Maybe WIX is receiving fees more in advance than SHOPIFY, but SHOPIFY has a ratio of amount of deferred revenue to revenue equal to 1 to 27. Meaning that it asks to pay fees more often than every 2 weeks. This is very unlikely since the standard period is minimum one month.
4) Revenue does not match possible amount of all transactions.
Let’s make assumptions that lead to minimum figure. Let’s make an assumption that there are 1.4 million live websites now. Let’s make an assumption that those websites are owned by average American-Canadian resident. Average salary is 30k per year. This is the opportunity cost of profit from owning a webstore. Let’s make an assumption that profit margin of average web store is 20%. According to this assumptions the amount of sales done through Shopify is:
( 1.4m stores * 30k profit ) / 20% = 210 bln. USD. It is 50% of all imports from China to USA in a year. How is it possible? I think it is not possible. I think that 90% of all sales done though Shopify are parts of different Ponzi schemes.
* average salary was in assumption because we exclude big brands like Sephora using Shopify at the same time excluding citizens with lower income.
Sales and marketing costs.
(AR p.103) Since I don’t believe in revenue figure, I will refer to gross profit. It is 1.5 bln. For this gross profit SHOPIFY spends 602 mln. on sales and marketing. That means one dollar spent on ads gives only 2.56 dollars of gross profit. This number is very low and indicates that SHOPIFY is not such a good or mass product. Reminder, company exists for 17 years.
Research and development
(AR p.103) SHOPIFY spends hundreds of millions on research and development. But we don’t see any increase in intangible assets or PPE. Why a company that uses creative accounting to show good sales is not using it to capitalize R&D expenses and show higher profit? In my opinion, because those expenses aren’t R&D but Cost of sales. Recently companies started to use creative accounting to reclass COGS to R&D and show better gross profit margin. The most recent example is Plug power.
Unrealized gain on equity and other investments
Despite all the manipulations P&L still does not look good. We have 90 million income from operations from a company with >100 bln. market cap.

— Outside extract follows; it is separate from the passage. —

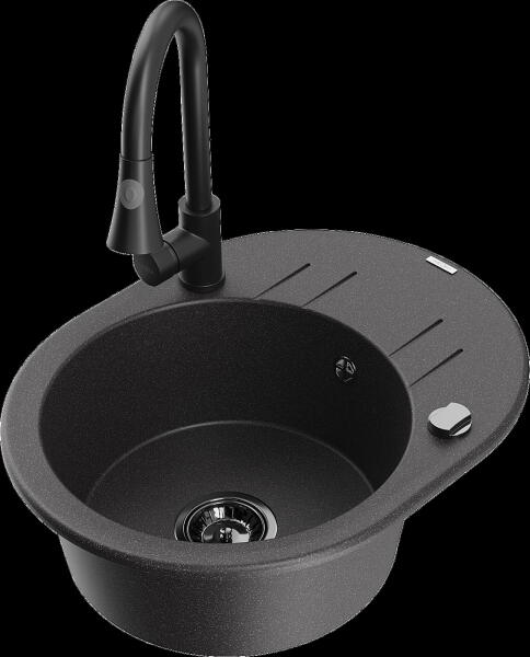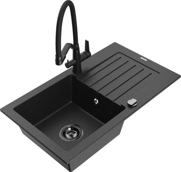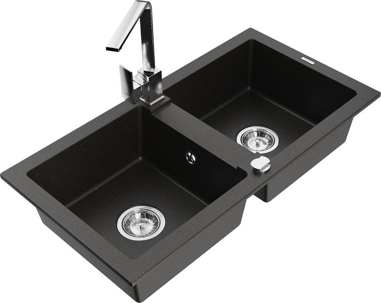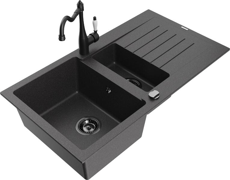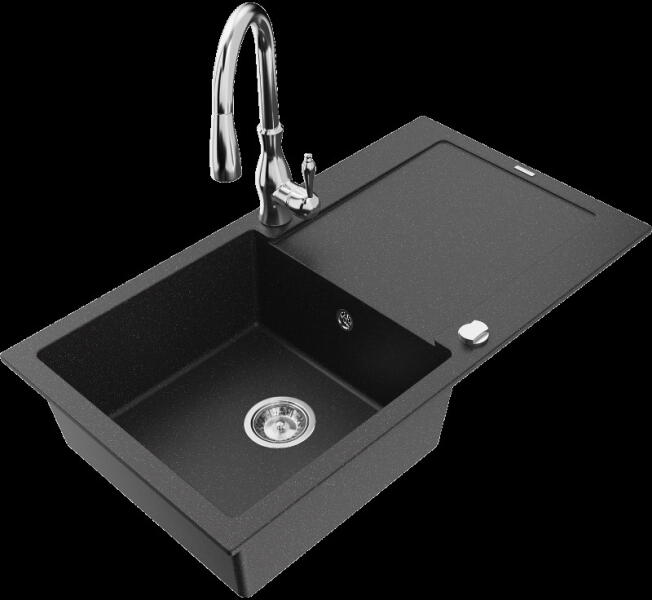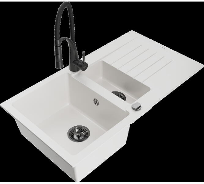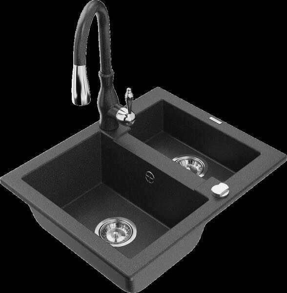 Mexen Matias, gránit mosogató 900x505x200 mm, 1,5 kamrás és mosogató csaptelep Carla, fekete foltos, 6502-76-670700-70-B Gyártó: Mexen Sorozat: Matias + Carlo Mosogató: Modell: 1,5-kamrás lefolyóval Beépítés: felülről a munkalapba való beágyazáshoz Felületkezelés: sima Hossza 900 mm Szélesség 505 mm Magasság: 200 mm Kamra mélysége: 180 mm (nagyobb), 115 mm (kisebb) Kamra m

To show a better picture SHOPIFY decided to find another source of income – revaluation of purchased assets – 135 million. It is 150% of income from operations. (AR p.120) They received investment in Affirm in July and measured it low. In September they revalued it and got 133 million profit. Both evaluations were done in the same quarter. They have created a profit out of thin air.
If we exclude this profit from EPS calculation it will fall to 1.56 and PE ratio will become 700.
Cash
I don’t believe in cash figure either. (AR p.118) The cash consists mostly of commercial papers and bonds. It is hard to audit, you can’t just send confirmation request to the bank and receive a reliable evidence. You perform physical examination of those documents. They can be forged, they can be borrowed.
And statement of cashflows (AR.p105) shows that there is a consistent outflow of cash from trading marketable securities.
Dropshipping
In my opinion dropshipping became a Ponzi scheme in the last a couple of years. People purchase from one store that purchases from another and so on. One sale can go through up to 10 stores on its way from consumer to producer. It is in internet environment where most producers have their own websites. SHOPIFY relies heavily on dropshippers and when pyramids will fail, I expect that SHOPIFY will suffer. I am not sure if SHOPIFY is involved or it is just used. Its provides very good instrument for pyramid schemes where merchants can easily make fake sales though creating fake orders and marking them as paid orders.
Public offering
In order to conceal fraud and provide liquidity to Business Shopify constantly does public offering. Every 4-6 months. I expect the new secondary offering in June 2021. Without it Shopify can’t hide fraud.